Gideon at the Connecticut Law Blog does a terrific job summarizing and analyzing key elements of Romney's proposal in this post. But Gideon does not discuss what for me are the biggest practical issues: cost and relative efficacy. New York has spent nearly $200 million on its death penalty system over the past decade without a single execution, and the Massachusetts system likely could expect to have a similar cost profile. Though there is a robust debate over whether the death penalty saves lives, I have to think Massachusetts could have a much bigger impact on crime by putting $20 million each year into more police on the streets or investing in other social services.
Consider also the fact that, according to statistics I found on the web, almost twice as many people are killed in Massachusetts by drunk drivers than by murderers, and the data on rape and other violent crimes suggest that Romney's bill may distract from more pressing criminal justice issues in Massachusetts.

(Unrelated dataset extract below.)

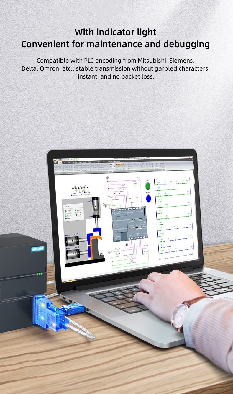 Compatible with PLC encoding from Mitsubishi, Siemens, Delta, Omron, etc., stable transmission without garbled characters, instant, and no packet loss.
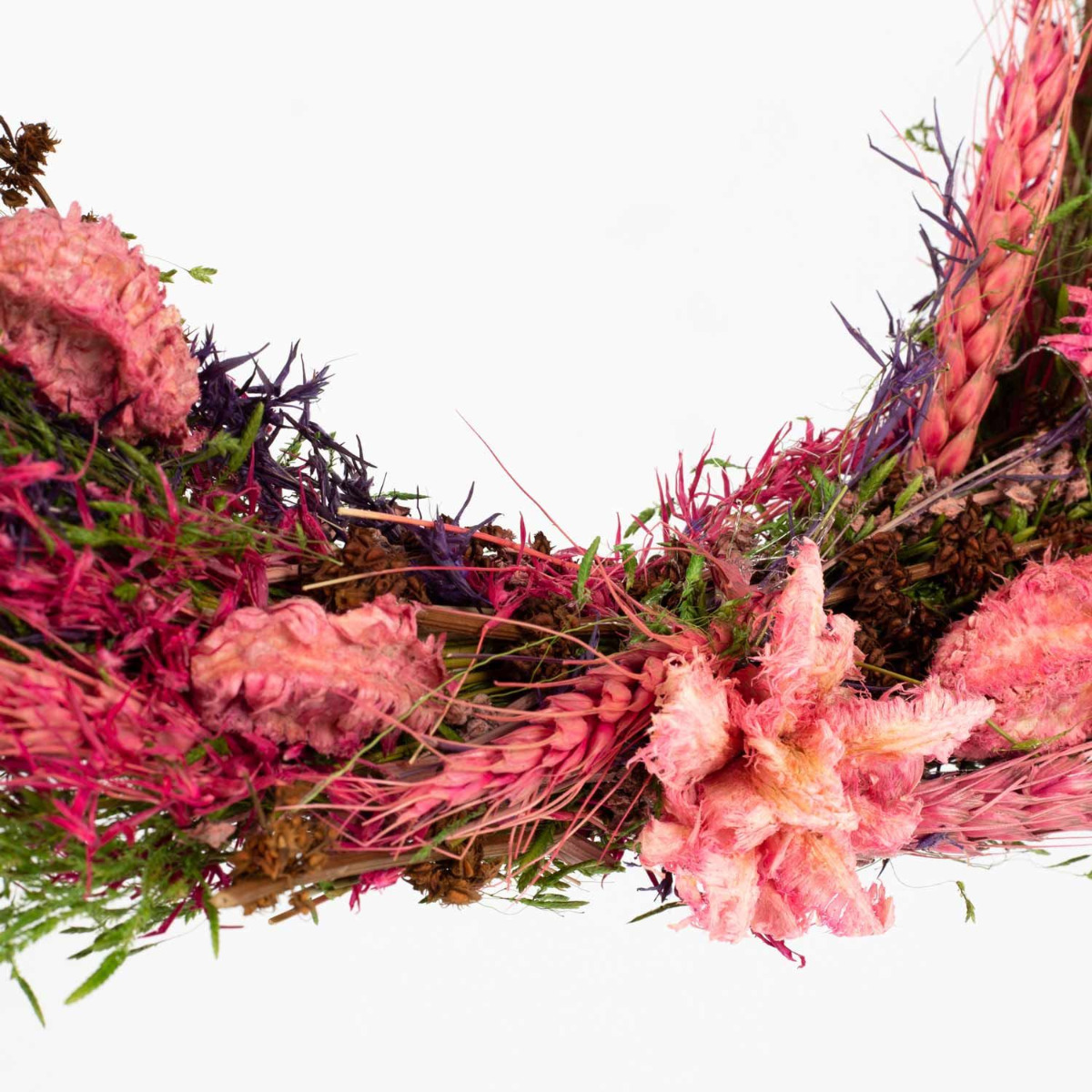 Dried flowers wreath GALENO on ring, pink-purple, 36,5cm, Ø30cm

UPDATE: Gideon has updated his post to review some of the capital cost issues and to provide interesting crime numbers in Connecticut (and I would also add that statistics show Connecticut, like Massachusetts, loses many more lives to drunk drivers than to murderers). Gideon's expanded post provides great links to important discussions of the costs of the death penalty, most notably this recent testimony by the DPIC's Richard Dieter. Now, if only Gideon or someone else might guestimate how much money has been spent in all the wrangling over the Michael Ross case.
April 29, 2005
8th Circuit decides Pirani plain error en banc
I just got the word that late today the Eighth Circuit released its long-awaited plain error decision in US v. Pirani, No. 03-2871 (8th Cir. Apr. 29, 2005) (available here). I suppose I should be thankful it is only 36 pages, and I am thankful the 8th Circuit's website has this summary:
Applying Booker to a sentencing error which defendant failed to preserve in the district court, the court en banc follows the decisions of the First, Fourth, Fifth, and Eleventh Circuits in holding that a remand for resentencing is not required unless the defendant meets his burden to demonstrate plain error prejudice under controlling Supreme Court precedents, that is, a "reasonable probability" that the district court would have imposed a more favorable sentence under the advisory guidelines regime mandated under Booker; as defendant failed to meet that burden, his sentence is affirmed; challenges to cross-examination of defense witness rejected; district court did not abuse its discretion in admitting a tape-recording. Judge Heaney, dissenting. Judge Morris S. Arnold, with whom Judge Smith joins, dissenting. Judge Bye, concurring in part and dissenting in part. [PUBLISHED] [Opinion of the Court En Banc. Loken, Chief Judge, Author]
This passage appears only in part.